Plant-Mycorrhiza Communication and Mycorrhizae in Inter-Plant Communication
(Springer, 2022) Boyno, Gokhan; Demir, Semra
Plants, animals, and even microbes well communicate with each other if we look at nature in cartoon terms. However, in the real world, there is little evidence on how this communication is established. In this context, we have focused on how plants communicate with mycorrhizal fungi and how they communicate with each other using mycorrhizal networks. We divide this communication in the rhizosphere into three categories: (i) communication of the plant with the fungus (plantish), (ii) communication of the fungus with the plant (fungish), and (iii) communication among plants through mycorrhizal networks (wired communication). We propose that molecules involved in inter-kingdom symbiotic communication, such as strigolactones, chitin-related compoundsand cutin monomers in plant-fungal communication, are initially unrelated to symbiosis, but they play important roles in its development. It's not, however, known exactly whether the dialogue between plant-fungi is fungish or plantish; Despite this, since it is a language on which they agree, we consider it appropriate to call this language "symbioticish". Moreover, mycorrhizal networks offer inter-plant communication by transferring nutrients, stress signalsand allelochemicals.
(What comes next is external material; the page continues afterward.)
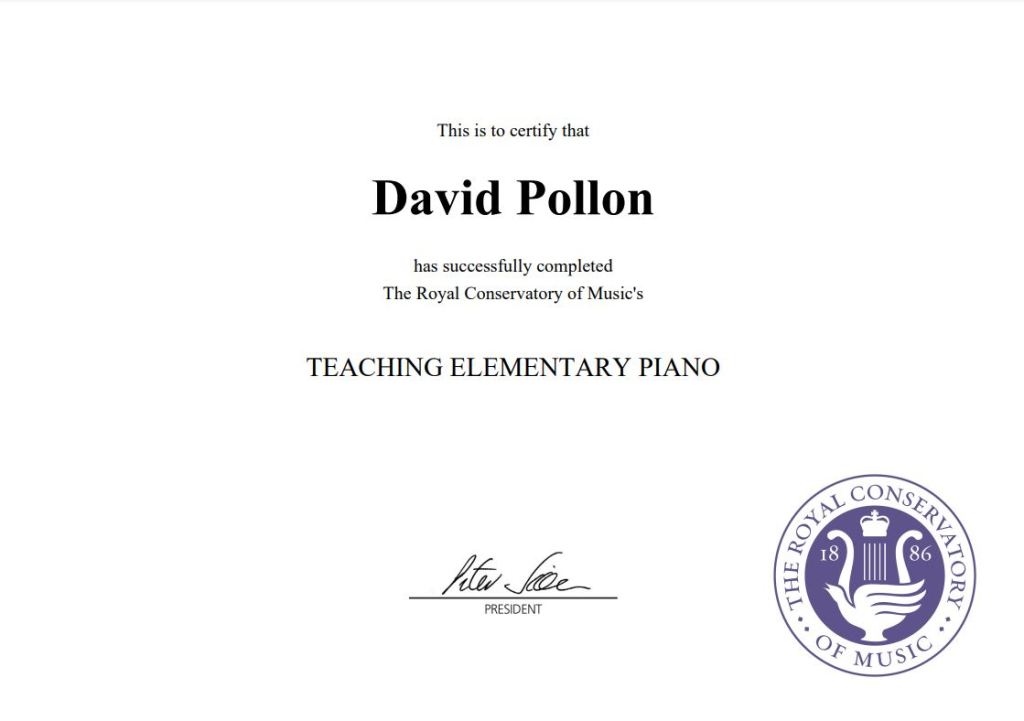 Continuing education is also very important to me. I’ve taken classes to obtain certifications for Elementary (Prep A – Level 4) and Intermediate (Level 5 – Level 8) teaching with The Royal Conservatory (RCM). Continual learning whether through your own practice/study or guided by a teacher is important for musicians so I try to set a great example for my own students.

We present evidence showing that these mycorrhizal networks impart sophisticated intelligence to plants and that their topology is similar to that of the human's brain, with some features including scale-free and small-world network topology. The evidence presented in this review can contribute to the study of plant-mycorrhizal fungus communication and mycorrhizal networks in the inter-plant communication by establishing a better human empathy, taking a more holistic approach to examining ecosystems and caring about the health of our plants.